GM, meanwhile, has been under attack by President Donald Trump for scaling back its US workforce and idling plants in the key electoral battleground states of Michigan and Ohio.
Possible Precedent
Any deal the UAW reaches with GM will set a precedent for the jobs, wages, benefits that the union demands from Ford Motor Co. and Fiat Chrysler Automobiles NV. The union hasn’t said which carmaker it will target next for bargaining over a new contract.
GM angered the UAW and Trump by shutting down its Chevrolet Cruze compact car plant in Lordstown, Ohio, and scheduling the end of production at another factory in Hamtramck, near Detroit, for January. Two transmission plants, one in a Detroit suburb and another near Baltimore, have stopped operating.
Trump has weighed in by publicly calling for GM Chief Executive Officer Mary Barra to open the Lordstown plant or sell it. After praising Barra in May for trying to sell the facility to the financially troubled electric-truck maker Workhorse Group Inc., he resumed his attacks last month, then hosted the CEO at the White House on Sept. 5.

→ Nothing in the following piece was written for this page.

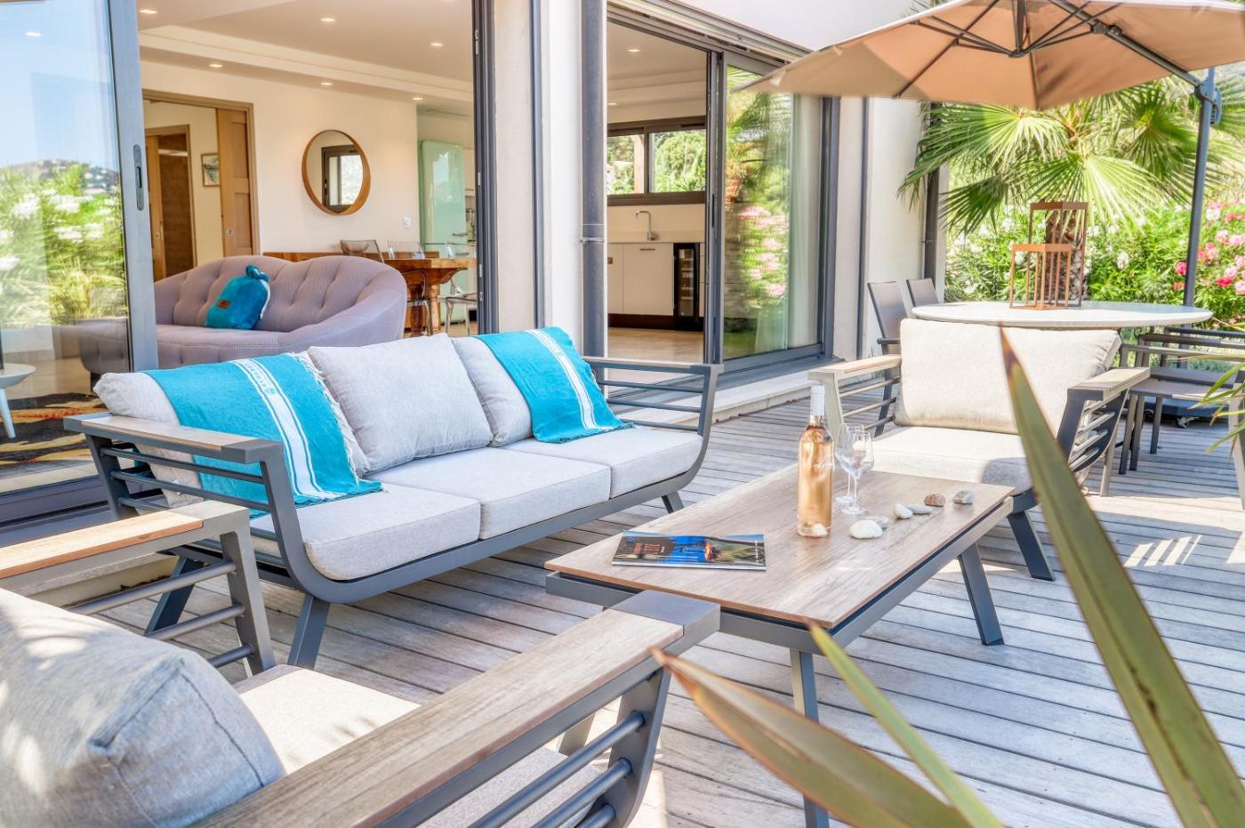 Vous séjournerez à respectivement 25 km et 25 km de ces lieux d’intérêt : Chateau de Grimaud et Le Pont des Fées. Laéroport le plus proche (Aéroport de Toulon - Hyères) est à 30 km.
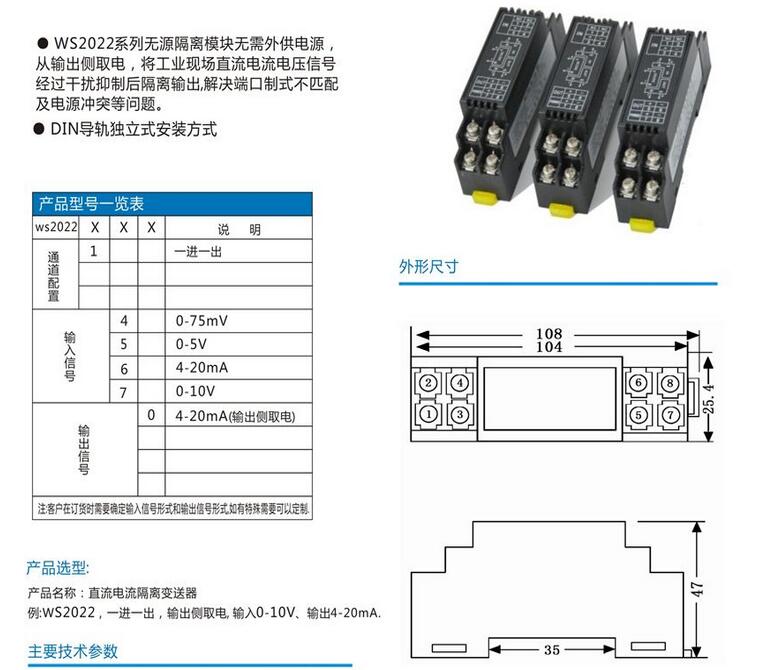 WS2022系列無源隔離模塊,無需外供電源,從輸出側(cè)取電,將工業(yè)現(xiàn)場(chǎng)的直流電流電壓信號(hào),經(jīng)過干擾抑制后隔離輸出,解決端口制式不匹配及電源沖突等問題,DIN導(dǎo)軌式安裝。

Federal agents arrested Vance Pearson, Jones’s successor as the head of the UAW’s largest region and a member of the union’s international executive board, on Sept. 12 and charged him with conspiracy and money laundering.
While Jones wasn’t named and hasn’t been charged, his home was raided late last month, and the government’s complaint mentions the search of a current UAW officer’s residence that turned up items similar to those Pearson is accused of buying with members’ dues.
Jones’s lawyer hasn’t responded to requests for comment.